No menu items!

Chilean “Chernobyl” records new mass poisoning due to air pollution

At least a hundred students were attended on Tuesday, 23, for poisoning supposedly related to environmental contamination in Quintero, Chile, a coastal city located in an industrial belt where toxic emissions are recurrent and which is known as the “Chilean Chernobyl.”

“Yesterday, all of us in Quintero noticed the heavy air. The fire crews started monitoring the center, and every time they approached the industrial cordon, the smell was stronger,” said the mayor of Quintero, Francisco Jeldes.

The mayor of the city, located in the central region of Valparaiso, 110 kilometers northwest of the capital, explained that they were forced to suspend classes and that the symptoms presented by the students were mainly headaches and vomiting.

Chilean city of Quintero (Photo internet reproduction)

“More than a month ago, we announced that we were going to enter a complex moment, with little air ventilation, and those episodes of bad contamination could be recurrent,” lamented Jeldes.

The Health Ministerial Regional Secretariat of Valparaiso (Seremi) informed, in turn, that the contamination episode started around 11 pm (local time) yesterday and declared an environmental alert for non-metallic hydrocarbons suspended in the air.

The alert, which affects the municipalities of Concón, Quintero, and Puchuncaví, obliges polluting industries to reduce their environmental emissions and increases the authorities’ capacity to control them.

The bay of Quintero-Puchuncaví, known as the “Chilean Chernobyl”, is home to a dozen thermoelectric, oil, and chemical plants that have left deep trails of contamination and where the population suffers recurrent episodes of intoxication.

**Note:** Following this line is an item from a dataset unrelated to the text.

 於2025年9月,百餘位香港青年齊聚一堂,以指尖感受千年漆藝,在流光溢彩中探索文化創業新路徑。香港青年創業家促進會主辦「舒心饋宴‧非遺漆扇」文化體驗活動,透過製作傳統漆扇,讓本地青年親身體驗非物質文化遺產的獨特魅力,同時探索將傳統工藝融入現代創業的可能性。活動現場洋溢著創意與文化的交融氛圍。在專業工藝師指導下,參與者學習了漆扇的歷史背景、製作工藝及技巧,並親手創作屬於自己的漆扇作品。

The industrial belt is one of the five “sacrifice zones” in Chile, which were created in the 1960s to boost the country’s economic development at the permanent detriment of the environment and the population’s health.

“We don’t want any more sacrifice zones.”

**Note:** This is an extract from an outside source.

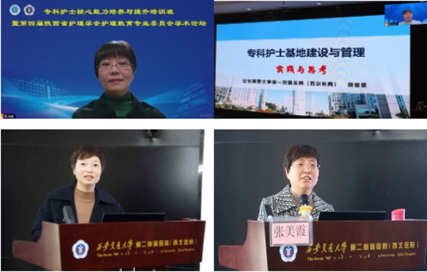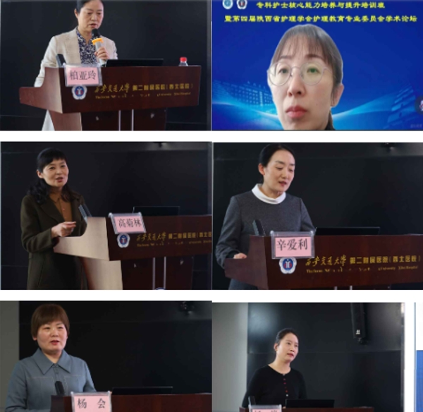 12月1日下午进行第二主题内容:基地品质化建设助推专科护士核心能力提升专题。分别由空军军医大学第一附属医院护士长柏亚玲主任委员讲授了《京外专科护士临床教学基地带教模式的探索与实践》,她提到我国专科护士的培养已初见成效,并详细介绍了京外专科护士培训的教学过程及教学模式,强调将理论与实践相结合的教学模式,培养优秀专科护理人才;西安交通大学第一附属医院高菊林主任护师分享了《血液净化专科护士基地管理实践》,需要从基地设备设施完善、人才梯队合理、医教研协调发展,持续质量改进体系完善,综合服务能力增强各方面严格要求; 西安交通大学第一附属医院护理部副主任李洁琼主任护师讲授了《专业组建设撬动专科护理发展》,通过开展学组建设,以专科学组的“小支点”积极撬起临床科室专科护理的“大格局”;我院杨峰副主任护师讲授了《康复专科护士教学基地品质化建设与管理》,杨护士长从康复护士教学基地如何品质化建设与管理展开讲授,使我们更加清晰地了解到基地多方位、多元化的建设;西安交通大学第一附属医院辛爱利副主任护师讲授了《基于胜任力导向的专科护士培养实践》,辛护士长提出要以岗位胜任力为核心,创新护理人才培养模式;我院消化内科护士长杨会 主任护师讲授了《螺旋式培训助力专科护士核心能力提升》,她从专科护士核心能力培养采取螺旋式培训方式,逐一细化讲解,层层剖析,学员们收获颇多,反响热烈。

“Today, hundreds of thousands of people live in our country exposed to the serious environmental deterioration that we have caused or allowed, and as a Chilean, I am ashamed,” said Chilean President Gabriel Boric in June last year.

State-owned Codelco, the world’s largest copper company, received the go-ahead last week to close one of its copper smelters in the nearby town of Ventanas, blast furnaces operating for nearly six decades and were responsible for previous contamination episodes.

The closure of the smelter, approved in March by the Chilean Parliament, was one of Boric’s big promises.

“The closure of the Codelco smelter does not guarantee that the contamination episodes will not continue to occur,” warned the mayor of Quintero.